The Antigua Reality Check
There’s something specific about doing business in Antigua that mainland consultants and software vendors don’t account for.
It’s a small market. Genuinely small. About 100,000 people on the whole island. Your employees know each other. They talk. When someone’s leave balance is wrong or their pay stub doesn’t add up, the whole office knows by lunchtime. Payroll errors don’t just create compliance risk. They create trust problems in a labour market where everyone is connected by about two degrees of separation.
And the government offices work on their own schedule. The Social Security Board, the Labour Commissioner, Inland Revenue. You file when they’re open. You call back when the line’s not busy. You plan around Carnival in August because nothing moves for a week and nobody pretends otherwise.
Any people management system that works for Antigua has to work with these realities, not against them.
Key Takeaway
People management in Antigua and Barbuda isn’t hard because the rules are complicated. It’s hard because the margin for error is thin and the consequences are personal. Automate the calculations. Document everything. And file before the deadline, not on it.
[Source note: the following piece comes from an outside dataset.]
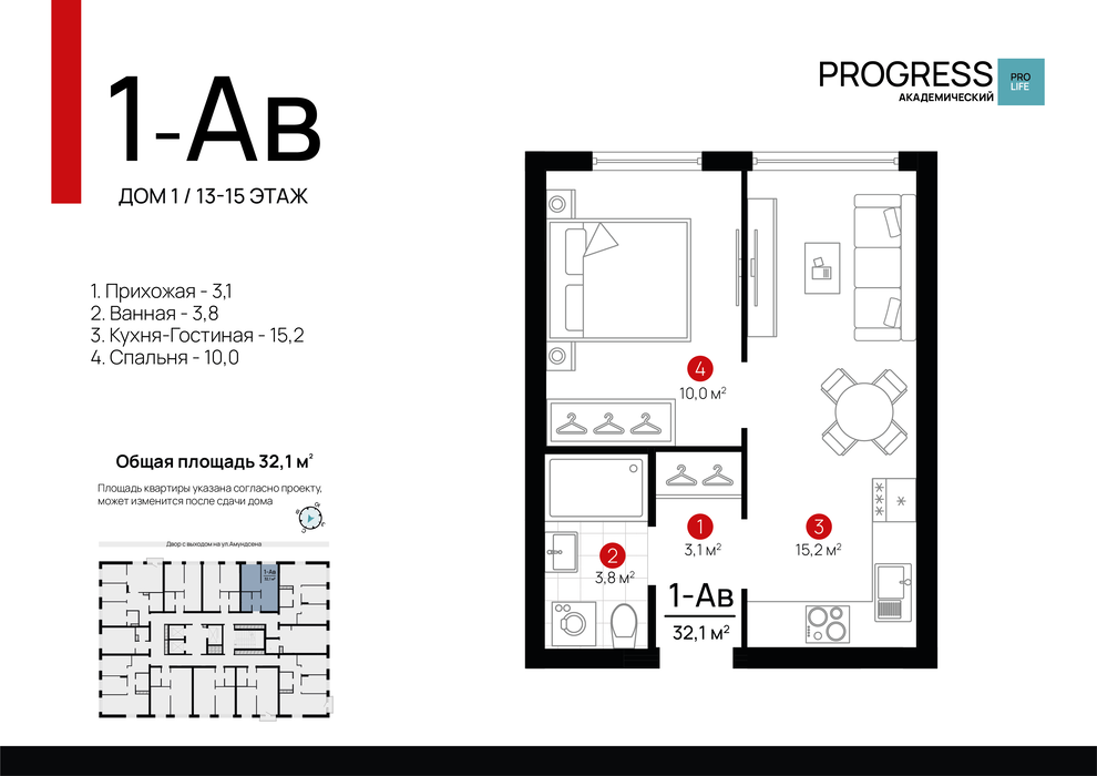 Екатеринбург, ул. Амундсена, 130/2, ЖК "PROGRESS (Прогресс) Академический" (Дом 1) - фото квартиры 8 ноября 2025 90 дн. 1 32.55 4/22 4 300 000

What Workzoom Does for Antiguan Employers
We’ve been working with Caribbean employers since Cable Bahamas brought us into the region. The Bahamas taught us what island operations actually look like. Trinidad and Tobago showed us the NIS compliance pressure. Antigua is the next piece.
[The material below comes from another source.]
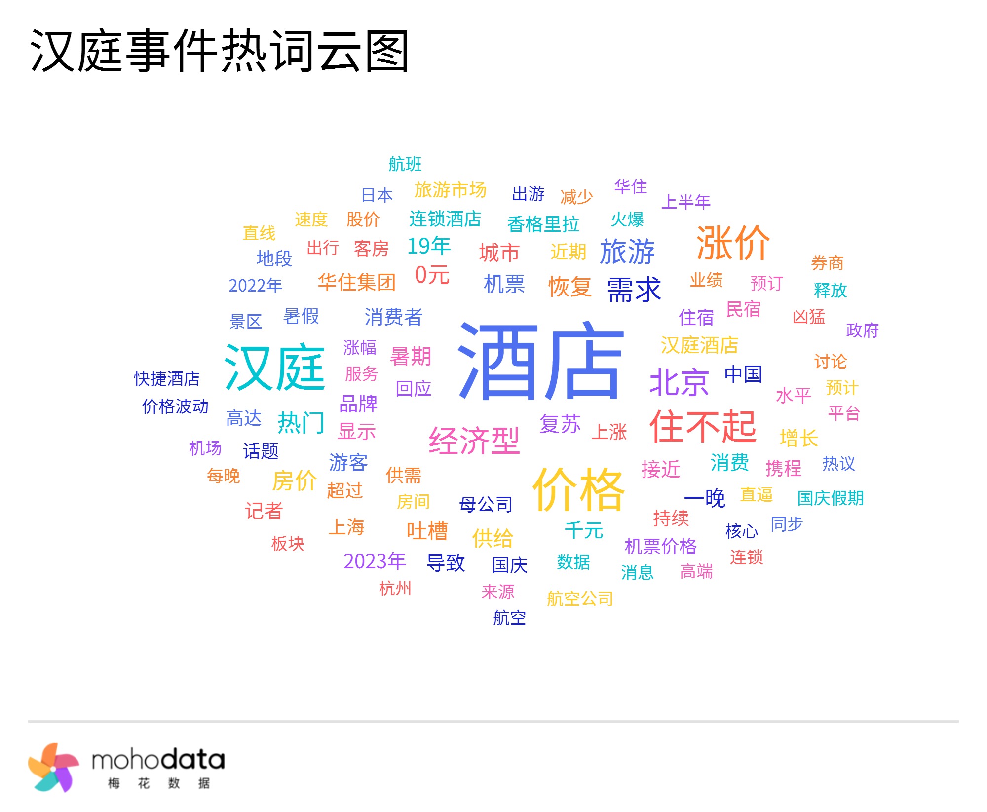 声量热词方面,热词云图如下所示,其中“涨价”“住不起”“需求”“旅游”“热门”“复苏”“供给”“吐槽”“火爆”等词汇排名较前。

Workzoom handles the people management essentials that Antiguan employers need:
- Social Security and Medical Benefits calculations applied automatically, with ceiling tracking per employee
- Leave management that tracks every type (annual, sick, maternity, bereavement) with accruals, balances, and approval workflows
- Employee records that meet Labour Code requirements for written terms of employment
- Performance documentation that creates the paper trail termination situations demand
- Scheduling and timekeeping with overtime calculations at the correct statutory rates
- Reporting for Social Security Board filings and Inland Revenue returns
All four suites. One platform, one employee record, one login. Starting at $4 per employee per month. No implementation fees. No long-term contracts. Month-to-month.
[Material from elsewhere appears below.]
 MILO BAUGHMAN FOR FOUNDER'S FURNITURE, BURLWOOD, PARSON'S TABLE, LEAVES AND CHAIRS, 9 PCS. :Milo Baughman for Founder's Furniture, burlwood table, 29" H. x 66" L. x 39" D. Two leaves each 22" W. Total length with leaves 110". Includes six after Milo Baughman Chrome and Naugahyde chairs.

For a 75-employee business in Antigua, that’s US$300 per month for the full platform. Compare that to the cost of one incorrectly calculated severance payment or one missed Social Security filing.
The Bottom Line
Antigua and Barbuda is a small market with real compliance expectations. The Labour Code has teeth. The Social Security Board collects what it’s owed. And the Labour Commissioner’s office exists in particular to hold employers accountable.
The employers who manage people well here aren’t the ones with the biggest HR teams. They’re the ones who stopped treating compliance as something they’ll sort out later.
If your employee records live in a filing cabinet and your leave tracking lives in someone’s head, that’s not a system. That’s a liability with a countdown.